### DIRECTIONS FOR THIS TASK:
After locating the line with "MO**** UDDI**** | |" in the entries below, set down exactly that line and each one after it to the end, skipping pictures.

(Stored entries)
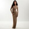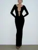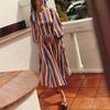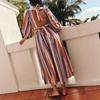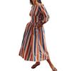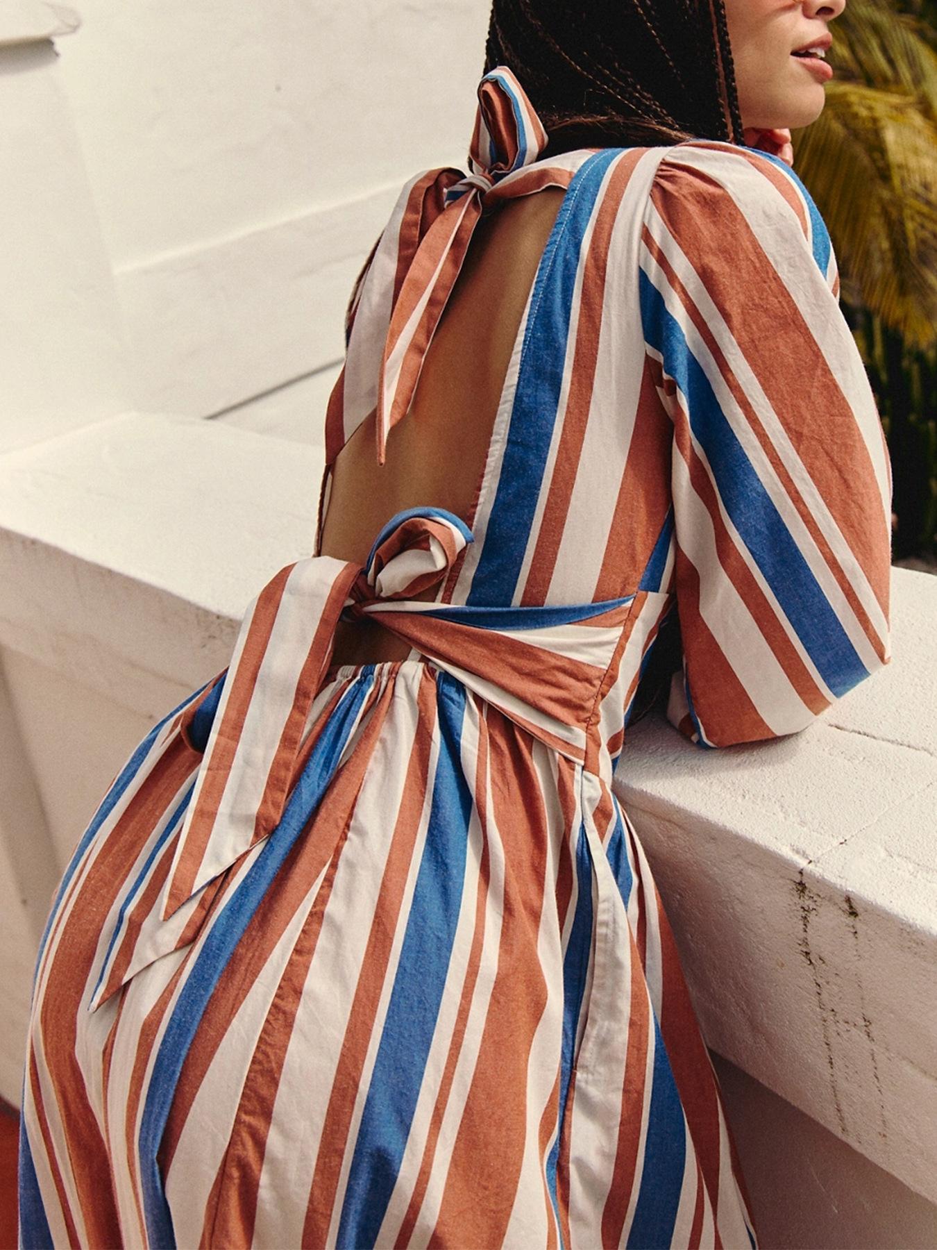 Europeo y Americano Transfronterizo Amazon Nuevo Vestido Sexy Elegante para Mujer Diseño de Cordones sin Espalda a Rayas Manga Larga Vestido Largo
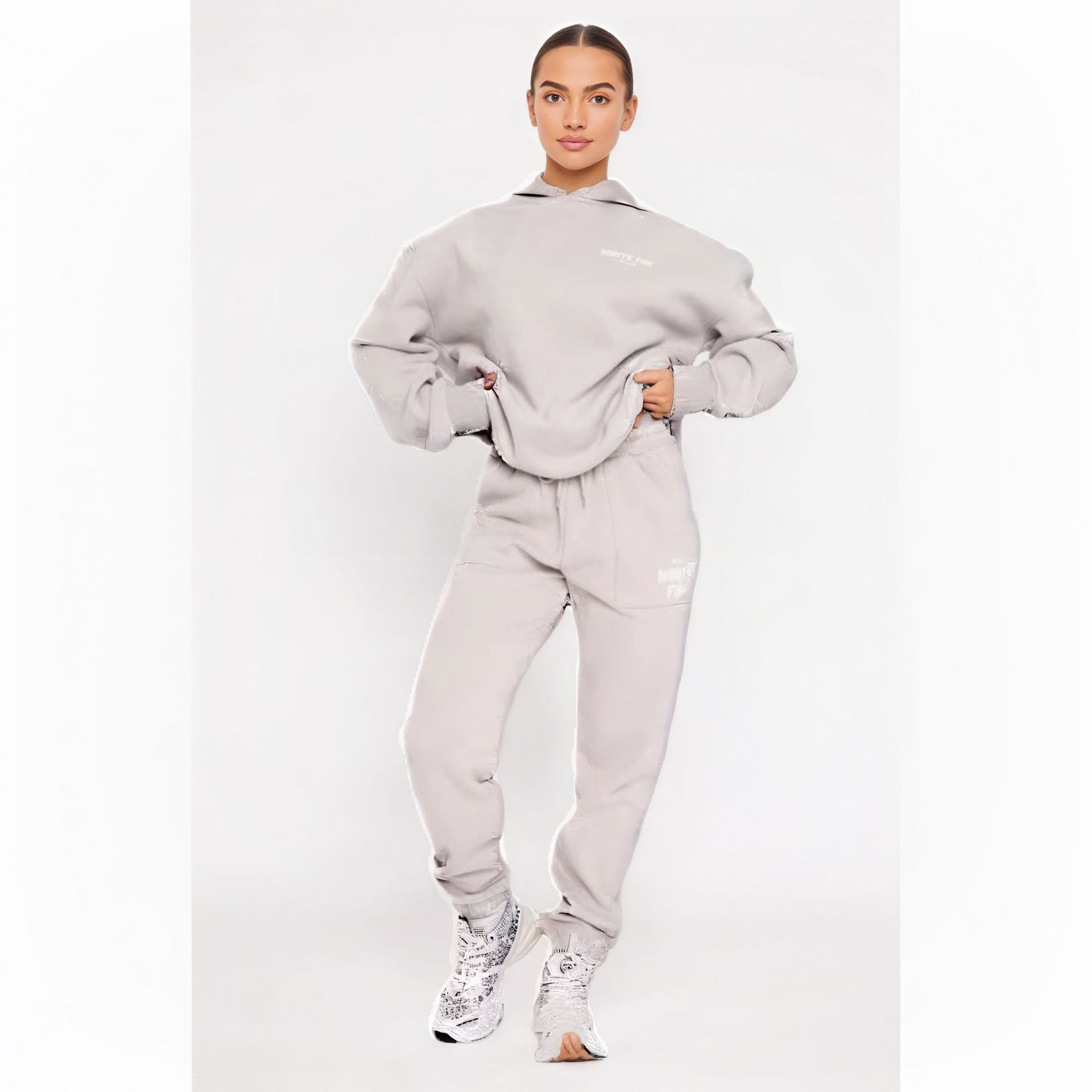 스트리트 후드 스웨터 세트 인쇄 된 폼 패션 힙합 스케이트 보드 캐주얼 여성 기모 스포츠 바지 스포츠
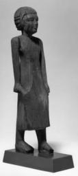 | Keywords: Egyptian - Male Figure Standing - Walters 2225 - Three Quarter.jpg Ancient Egyptian men were generally represented in their tomb figures wearing a short or long shendyt Here the deceased is shown holding a corner of the shendyt with his right hand a gesture that became popular during the late Old Kingdom The statue is made of soft wood and has lost all of its paint ca 2250 BC late Old Kingdom wood H above base cm 28 7 accession number 22 25 33608 Said Bey Khashaba Cairo Museum date of acquisition unknown by excavation Dikran Kelekian New York and Paris date and mode of acquisition unknown Henry Walters city Baltimore Walters Art Museum Henry Walters Acquired by Henry Walters 1924 Carved for Immortality The Walters Art Museum Baltimore 2004-2005 place of origin Meir Egypt Walters Art Museum license Ancient Egyptian statues in the Walters Art Museum Statues of the Egyptian Old Kingdom |
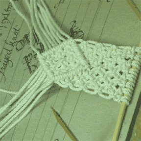 you to carry on as though there was no break at all... After a few rows, turn the work over and trim
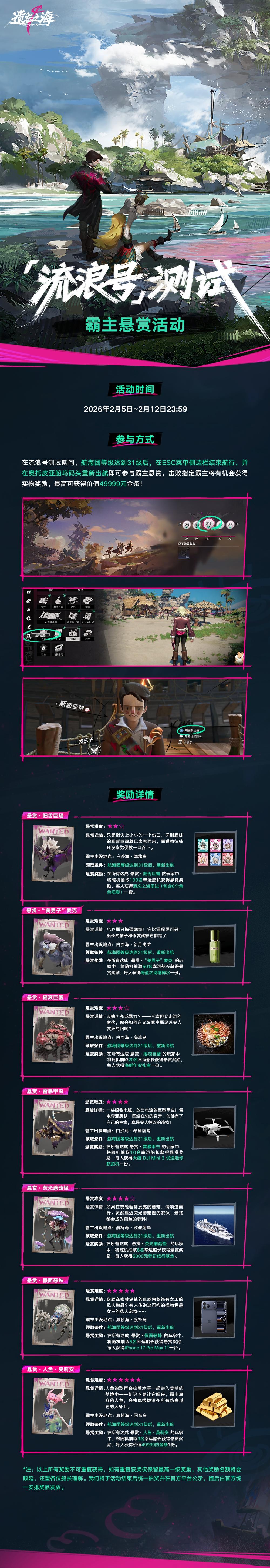 船长们,预约游戏抢资格,参与霸主悬赏活动抽取金条、iPhone 17 pro max等豪礼!点击卡片立即预约:
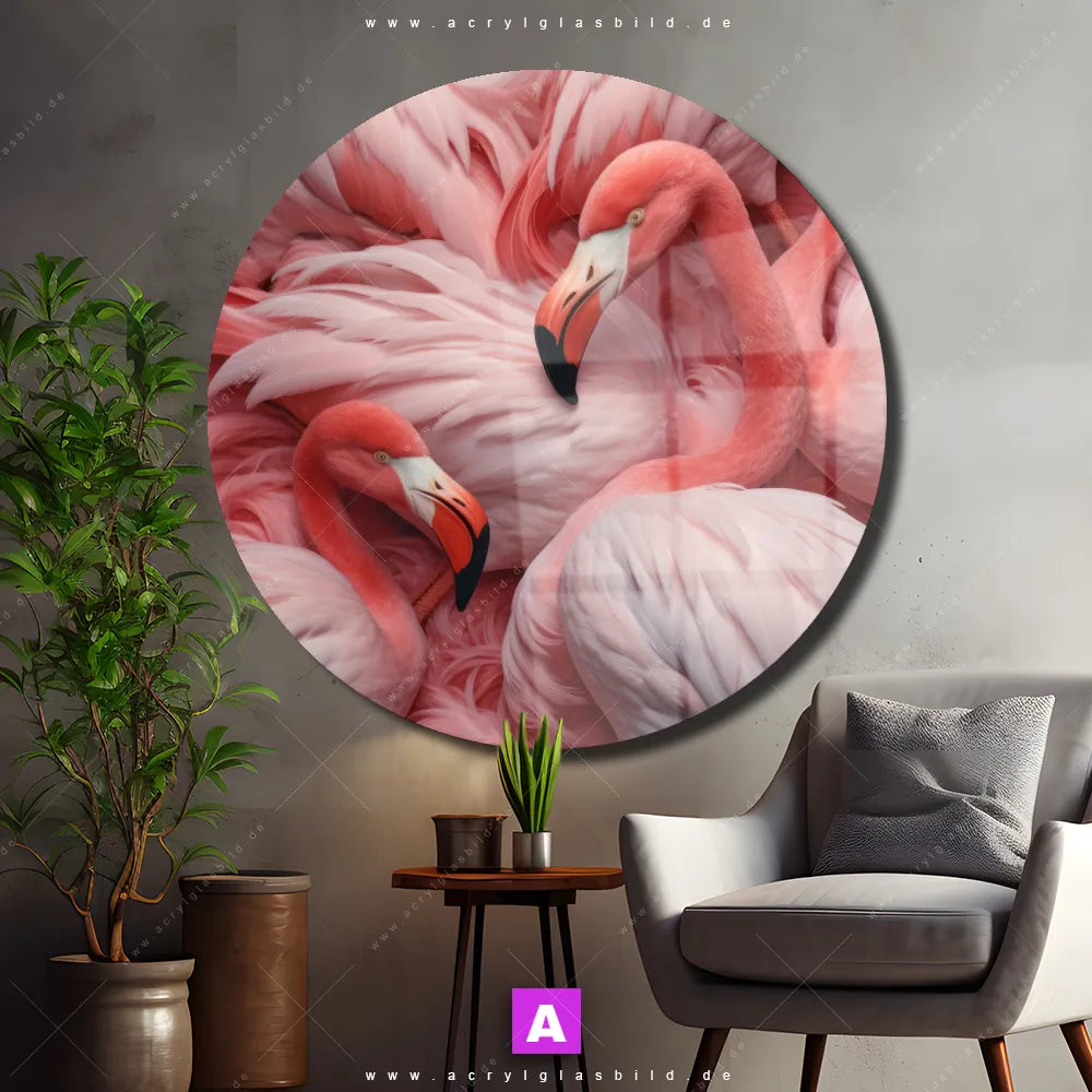 Hey du! Bist du es auch leid, auf langweilige, weiße Wände in deinem Raum zu starren und dich zu fragen, ob das der Sinn des Lebens ist? Unser Acrylglasbild mit dem Titel Kuschelnde Flamingos im Format Rund verwandelt deine Wand in ein Kunstwerk und macht deinen Raum zum absoluten Hingucker.
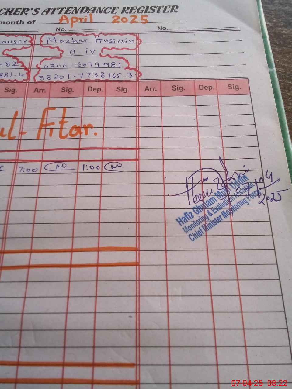 | Monitoring Date: 07-04-2025 | Start Time: 07-04-2025 07:49 AM | End Time: 07-04-2025 08:26 AM | Name of MEA: HA**** GH**** MO**** UDDI**** | |
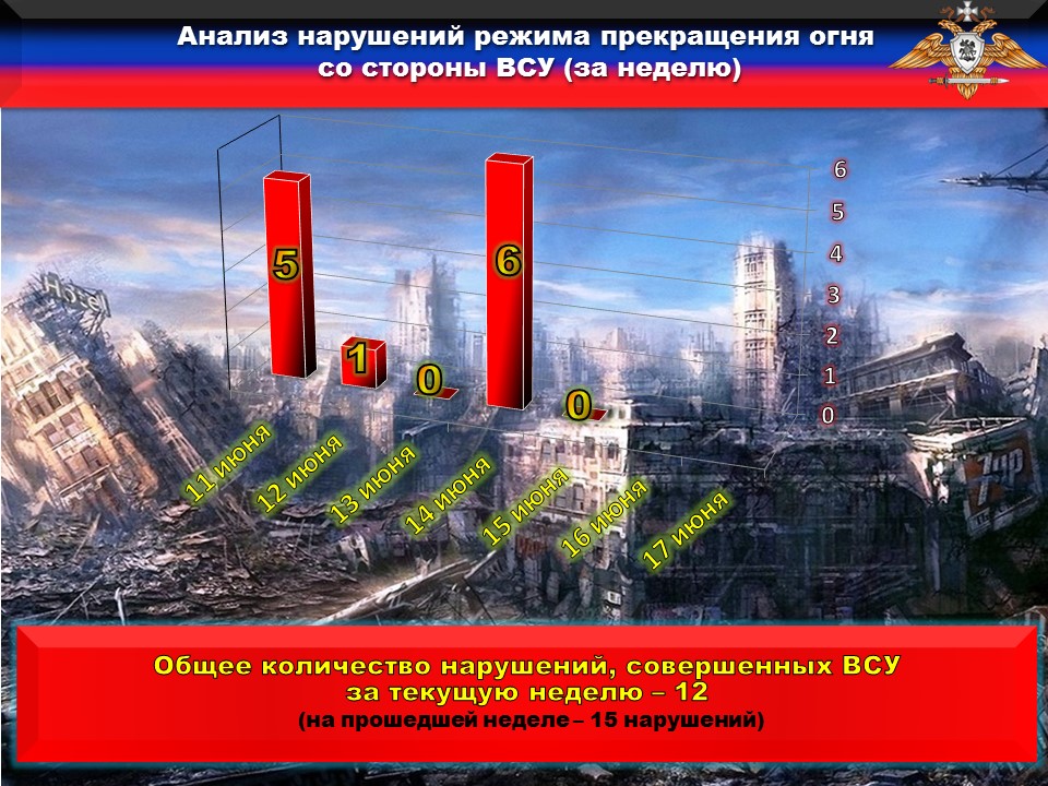 Факты нарушений в оперативном порядке доведены до представителей украинской стороны в СЦКК с целью своевременного принятия мер к нарушителям перемирия и исключения случаев фальсификации учетных данных о нарушениях режима прекращения огня со стороны украинских боевиков.

### WRITTEN ANSWER:
 | Monitoring Date: 07-04-2025 | Start Time: 07-04-2025 07:49 AM | End Time: 07-04-2025 08:26 AM | Name of MEA: HA**** GH**** MO**** UDDI**** | |
 Факты нарушений в оперативном порядке доведены до представителей украинской стороны в СЦКК с целью своевременного принятия мер к нарушителям перемирия и исключения случаев фальсификации учетных данных о нарушениях режима прекращения огня со стороны украинских боевиков.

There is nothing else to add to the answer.